Admission to IHS High School is through an examination, which takes place about four months before the beginning of the school year. Places are offered strictly on merit. Prospective candidates into JSS 1 are required to purchase and complete an application form before they are qualified to take the exam. The School expects all candidates to be at least 11 years old by the January following their admission into the school. All students are admitted into JSS1 and 2. The School does not accept students wishing to transfer from another school. Students are expected to board at the school. Parents are advised to make sure that all students who hope to enter a boarding school know how to wash their own clothes, sweep and dust their own room, and keep the elementary rules of personal hygiene. Students should normally have stopped bed-wetting, but in exceptional cases where this is still a problem, they should buy mackintosh for their mattress.
A Word About Age
The School does not allow children to enter Class One before their tenth birthday. If they do they will be tempted to enter university before their sixteenth birthday. We feel that the best time to come to secondary school is at the threshold of adolescence, especially when it involves leaving home to enter a boarding school. The school is simply not geared towards caring for the needs of very young children who are still emotionally dependent on the close support of their mothers. Our optimum age at entry would be 11 or near it, and we certainly prefer that. However gifted a child may be, he or she should have completed a full primary school education before coming to IHS School. The structure of the educational system in the country reflects this and if children are rushed through the early stages, part of the purpose of the 6-3-3-4 system will be subverted.
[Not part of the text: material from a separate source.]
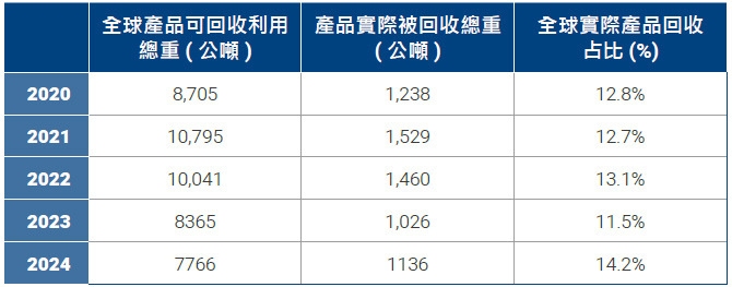 研華全球實際產品回收占比
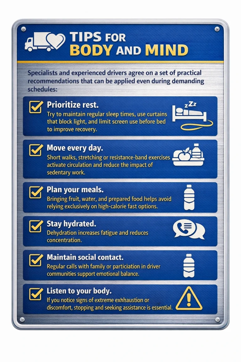 Social media and driver communities are full of recommendations on how to organize movement routines in small spaces, prepare balanced meals, or improve sleep quality inside the cab.

Education at HIS High School aims to encourage leadership qualities in all students and to encourage responsible decision making and independence of thought. We feel that we are not going to get very far with either of these aims, if children leave school when they are barely 16. The best way of developing leaders in a boarding school is through the prefect system, and, indeed, as the school gets larger we need mature prefects for the efficient running for the boarding houses. This means that we need senior students who are young men and women.